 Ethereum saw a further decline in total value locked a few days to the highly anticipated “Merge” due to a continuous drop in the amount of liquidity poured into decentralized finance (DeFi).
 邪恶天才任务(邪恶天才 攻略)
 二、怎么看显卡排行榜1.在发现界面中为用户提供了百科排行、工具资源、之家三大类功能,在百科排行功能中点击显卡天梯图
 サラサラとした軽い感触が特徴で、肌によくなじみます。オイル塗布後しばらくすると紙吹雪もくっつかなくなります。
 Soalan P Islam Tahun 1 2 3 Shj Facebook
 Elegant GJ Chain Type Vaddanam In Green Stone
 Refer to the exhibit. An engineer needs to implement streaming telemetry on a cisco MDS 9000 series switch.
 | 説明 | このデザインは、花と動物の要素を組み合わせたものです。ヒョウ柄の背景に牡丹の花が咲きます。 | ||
...
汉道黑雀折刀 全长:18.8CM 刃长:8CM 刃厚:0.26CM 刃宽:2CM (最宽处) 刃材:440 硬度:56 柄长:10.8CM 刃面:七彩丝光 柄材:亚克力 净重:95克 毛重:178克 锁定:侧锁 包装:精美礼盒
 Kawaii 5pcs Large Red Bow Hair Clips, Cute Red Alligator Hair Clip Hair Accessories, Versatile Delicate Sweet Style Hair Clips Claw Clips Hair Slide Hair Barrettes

| ABOUT THIS EXERCISE |
Only the lines above starting at the line that holds "Soalan P Islam Tahun 1 2 3 Shj Facebook" and ending at the line that holds "このデザインは、花と動物の要素を組み合わせたものです。ヒョウ柄の背景に牡丹の花が咲きます。 | ||" are to be repeated, exactly and in full.

| THE COMPLETED TASK |
 Soalan P Islam Tahun 1 2 3 Shj Facebook
 Elegant GJ Chain Type Vaddanam In Green Stone
 Refer to the exhibit. An engineer needs to implement streaming telemetry on a cisco MDS 9000 series switch.
 | 説明 | このデザインは、花と動物の要素を組み合わせたものです。ヒョウ柄の背景に牡丹の花が咲きます。 | ||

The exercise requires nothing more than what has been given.